Fixed Acrobot Rewards (#140)

* Fixed Acrobot Rewards 1. Previously, reward was 0 until success, at which point the reward was set to -1. This is the opposite of the desired behavior, since it discourages the agent from success. 2. The reward was previusly set whenever the environment finished, whether by exceeding `max_steps` or by having the agent succeed. Thus it didn't really matter whether or not the agent did anything, so long as `max_steps` was exceeded before the `stop_condition`. Now the reward is only set when the agent succeeds. * Reward is now reset on `reset!`
JuliaReinforcementLearning · Apr 28, 2021 · 29bb58e · 29bb58e
1 parent 1c0d284
commit 29bb58e
Showing 1 changed file with 4 additions and 2 deletions.
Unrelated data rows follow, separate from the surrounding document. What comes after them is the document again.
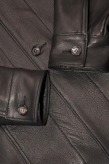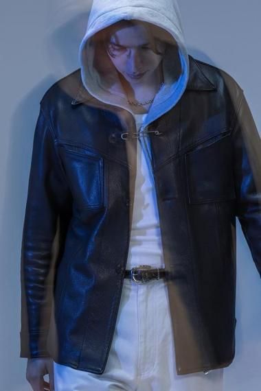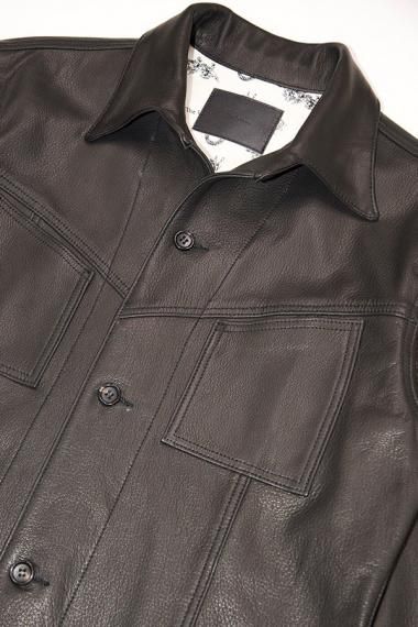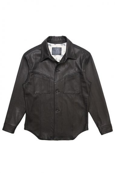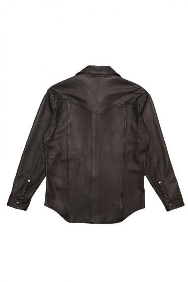 70年代を彷彿とさせるゴートスキンシャツ。 独特なオープンカラーで胸元の切り替えも特徴的であり、ボタンはホーンボタン、袖開き止まりはEND CUSTOM JEWELLERS制作のリベットを使用。 ヨーク裏のみウエスタン柄スレキを用いて、基本的には1枚仕立ての良い意味で荒々しさを残した一着。 素材は、ユーロゴート原皮を柔軟・保存・耐熱・染色発色に富むクローム鞣しを行い、スエード面にナッパラン加工してWフェイスし仕上げています。 ゴートでありながらもディアの様なシボ感があるのもこの革の特徴です。※商品の詳細や在庫状況、お取り寄せなどは、店頭までお問い合わせ下さい。
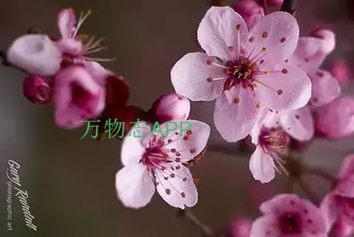 六、绛桃:花深红色,萼筒紫褐色,深皱有毛。花枝绿褐色。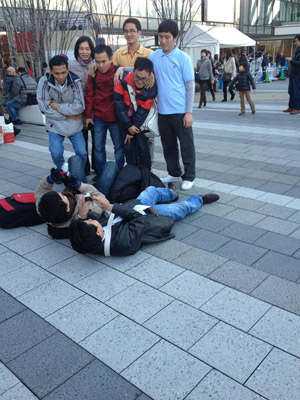 | 世間の目にとらわれないこの行動力。 いまの日本に足りんのはこのバイタリティじゃ。 日本人もどんどん海外に出て道に寝そべるべき! |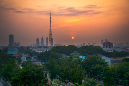 Sunset over residential district of Jakarta with the modern office towers in the background in Indonesia capital city

diff --git a/src/environments/3rd_party/AcrobotEnv.jl b/src/environments/3rd_party/AcrobotEnv.jl
@@ -86,6 +86,7 @@ function RLBase.reset!(env::AcrobotEnv{T}) where {T <: Number}
     env.t = 0
     env.action = 2
     env.done = false
+    env.reward = -1
     nothing
 end
 
@@ -117,8 +118,9 @@ function (env::AcrobotEnv{T})(a) where {T <: Number}
     ns[4] = bound(ns[4], -env.params.max_vel_b, env.params.max_vel_b)
     env.state = ns
     # termination criterion
-    env.done = (-cos(ns[1]) - cos(ns[2] + ns[1]) > 1.0) || env.t > env.params.max_steps
-    env.reward = env.done ? -1.0 : 0.0
+    succeeded = -cos(ns[1]) - cos(ns[2] + ns[1]) > 1.0
+    env.done = succeeded || env.t > env.params.max_steps
+    env.reward = succeeded ? 0.0 : -1.0
     nothing
 end